いずれにしても、人とお仕事している時は、
生きた心地がしませんから、
私は締め切りは自分が、
「この日程ならできる」と自信を持てる日程より、
最低でも1日は多く、もらうようにしています。

この辺のタイム感、スケジュール・センスが磨けないと、
いつもいつも、まわりの人に迷惑をかけることになりますし、
結局、最後の練りに練る時間が足りなくて、
中途半端な状態で作品を出さなくちゃいけなくなります。

 

ポンはギフト。

たくさん音楽を聴いたり、本を読んだり、旅に出たり、
美しいものをたっぷり見たりする人めがけて落ちてくるギフト。

時に、な〜んにも考えていないときにも、ポンともらえることもあるけど、

基本は、「私、書くんです」「私、創るんです」という、
シグナルを発信している人を見つけて飛んでくるギフトです。

打ち止めも売り切れもない、
無限のリソースの存在を信じて、
今日もひと唸り。

ポン、お願いしますっ!

毎週月曜発行中!声に関するマニアックな情報やインサイドストーリーをお届けする無料メルマガ『声出していこうっ』。メルマガのお便りフォームから、ヴォーカリストの質問、疑問にお答えもしています。バックナンバーも読めますよ。

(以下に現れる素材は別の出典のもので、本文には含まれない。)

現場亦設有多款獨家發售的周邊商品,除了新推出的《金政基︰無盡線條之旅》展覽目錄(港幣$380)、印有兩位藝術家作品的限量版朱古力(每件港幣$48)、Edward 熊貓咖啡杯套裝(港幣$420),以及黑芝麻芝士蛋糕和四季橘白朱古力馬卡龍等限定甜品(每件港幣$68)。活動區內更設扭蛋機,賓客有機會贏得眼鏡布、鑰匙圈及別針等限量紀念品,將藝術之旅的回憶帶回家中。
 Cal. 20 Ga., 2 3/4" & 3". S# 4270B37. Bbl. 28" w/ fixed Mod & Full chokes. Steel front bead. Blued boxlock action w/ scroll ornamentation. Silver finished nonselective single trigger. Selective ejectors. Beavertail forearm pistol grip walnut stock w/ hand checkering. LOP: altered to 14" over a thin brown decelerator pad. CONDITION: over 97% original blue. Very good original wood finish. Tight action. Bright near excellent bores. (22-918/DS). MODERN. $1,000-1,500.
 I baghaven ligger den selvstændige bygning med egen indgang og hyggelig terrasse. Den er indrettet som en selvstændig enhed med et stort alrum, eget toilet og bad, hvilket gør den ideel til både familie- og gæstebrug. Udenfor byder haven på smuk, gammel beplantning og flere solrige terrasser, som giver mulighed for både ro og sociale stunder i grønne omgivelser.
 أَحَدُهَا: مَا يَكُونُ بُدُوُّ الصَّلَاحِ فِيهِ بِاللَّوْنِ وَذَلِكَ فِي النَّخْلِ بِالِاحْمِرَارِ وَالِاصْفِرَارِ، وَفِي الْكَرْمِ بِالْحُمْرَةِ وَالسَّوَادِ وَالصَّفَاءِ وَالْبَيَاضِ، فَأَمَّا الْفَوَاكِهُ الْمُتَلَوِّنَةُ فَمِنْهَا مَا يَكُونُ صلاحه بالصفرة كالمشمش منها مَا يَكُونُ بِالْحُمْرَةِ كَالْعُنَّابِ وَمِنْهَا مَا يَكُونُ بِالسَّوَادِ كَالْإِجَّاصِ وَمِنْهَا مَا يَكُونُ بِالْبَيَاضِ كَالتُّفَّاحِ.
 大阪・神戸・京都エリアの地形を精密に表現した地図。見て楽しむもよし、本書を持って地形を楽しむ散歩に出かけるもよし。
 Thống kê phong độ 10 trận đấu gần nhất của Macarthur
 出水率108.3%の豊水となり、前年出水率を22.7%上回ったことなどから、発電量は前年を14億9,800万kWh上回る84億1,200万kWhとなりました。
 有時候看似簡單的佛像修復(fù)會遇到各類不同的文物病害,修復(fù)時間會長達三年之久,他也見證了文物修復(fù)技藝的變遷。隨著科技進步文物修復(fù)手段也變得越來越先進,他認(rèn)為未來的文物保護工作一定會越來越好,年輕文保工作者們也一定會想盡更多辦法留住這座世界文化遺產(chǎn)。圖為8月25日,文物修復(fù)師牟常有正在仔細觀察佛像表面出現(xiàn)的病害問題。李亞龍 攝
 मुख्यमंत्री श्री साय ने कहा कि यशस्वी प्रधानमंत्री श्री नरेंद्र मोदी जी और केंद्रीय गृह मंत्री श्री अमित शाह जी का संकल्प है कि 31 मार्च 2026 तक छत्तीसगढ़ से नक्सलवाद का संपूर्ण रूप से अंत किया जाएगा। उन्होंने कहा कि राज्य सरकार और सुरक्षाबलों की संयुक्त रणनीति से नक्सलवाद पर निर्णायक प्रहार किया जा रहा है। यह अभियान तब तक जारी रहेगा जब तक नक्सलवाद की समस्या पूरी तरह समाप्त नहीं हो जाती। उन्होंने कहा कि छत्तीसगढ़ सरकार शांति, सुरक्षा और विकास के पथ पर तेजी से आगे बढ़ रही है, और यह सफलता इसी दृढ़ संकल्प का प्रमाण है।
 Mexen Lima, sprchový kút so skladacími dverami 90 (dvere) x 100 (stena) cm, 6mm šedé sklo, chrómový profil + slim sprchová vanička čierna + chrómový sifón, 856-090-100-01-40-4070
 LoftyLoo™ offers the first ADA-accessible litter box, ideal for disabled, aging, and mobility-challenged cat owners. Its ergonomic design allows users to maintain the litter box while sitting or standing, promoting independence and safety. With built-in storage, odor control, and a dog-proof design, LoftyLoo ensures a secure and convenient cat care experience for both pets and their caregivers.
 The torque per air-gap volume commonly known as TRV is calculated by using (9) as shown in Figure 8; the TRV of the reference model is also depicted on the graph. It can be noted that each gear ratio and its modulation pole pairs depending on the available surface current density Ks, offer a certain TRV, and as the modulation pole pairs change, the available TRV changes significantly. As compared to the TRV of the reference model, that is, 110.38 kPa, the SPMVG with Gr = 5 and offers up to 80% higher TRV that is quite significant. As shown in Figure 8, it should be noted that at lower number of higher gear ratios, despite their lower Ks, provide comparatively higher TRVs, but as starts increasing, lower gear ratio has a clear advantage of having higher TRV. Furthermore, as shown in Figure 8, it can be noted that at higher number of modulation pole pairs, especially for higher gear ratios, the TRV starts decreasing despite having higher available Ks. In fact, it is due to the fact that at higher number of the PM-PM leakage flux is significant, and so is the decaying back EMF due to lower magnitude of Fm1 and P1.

 - B面Blog, クリエイト, 夢を叶える , ,

  関連記事

とりあえず飛び込め~Singer’s Tips #32~

うまくなったら、バンドやりたい。 いい曲書けたら、音源つくりたい。 自信がついた …

「動画、まだヨコで撮ってるんすか?」

まわりにナマイキなことを言う「若者」が増えてきました。 いや、正確に言うと、かつ …

死ぬかと思うくらい馬鹿なこと、いくつやるか。

MTL12でお世話になったシンフォニーサロン(昨年9月閉館)のHPに、 私のイン …

ダメな時はダメ。それでいいのだ。

一昨日から、 書いても書いても仕上がらない記事がありまして。 どうやってもアップ …

絶対音感、いりますか?

つい先日、某テレビ局の方から不思議なお仕事の依頼があり、 お話を伺いました。 内 …

働こう!ガールズ!

何十年かぶりに、ハリソン・フォード、シガニー・ウィーバー、メラニー・グリフィスと …

「できない気がしない」自分を信じる。

「できない」「無理だ」と思えたら、人生はどんなに楽だろう。 高校時代から、現在に …

自分のお尻を蹴飛ばす瞬間

「えいっ!」 やらねばならぬ、 やりたい、 いや、やるのだ。 そう決意をかためて …

「もっと遊べ!」という謎のワード

「MISUMIちゃんは、もっと遊ばなくっちゃ。」 来る日も来る日も歌のことばかり …

「こちとら何年やってると思ってんのよ!」

「こちとら何年やってると思ってんだっ!?」 誰かに自分の専門分野を誉められた時に …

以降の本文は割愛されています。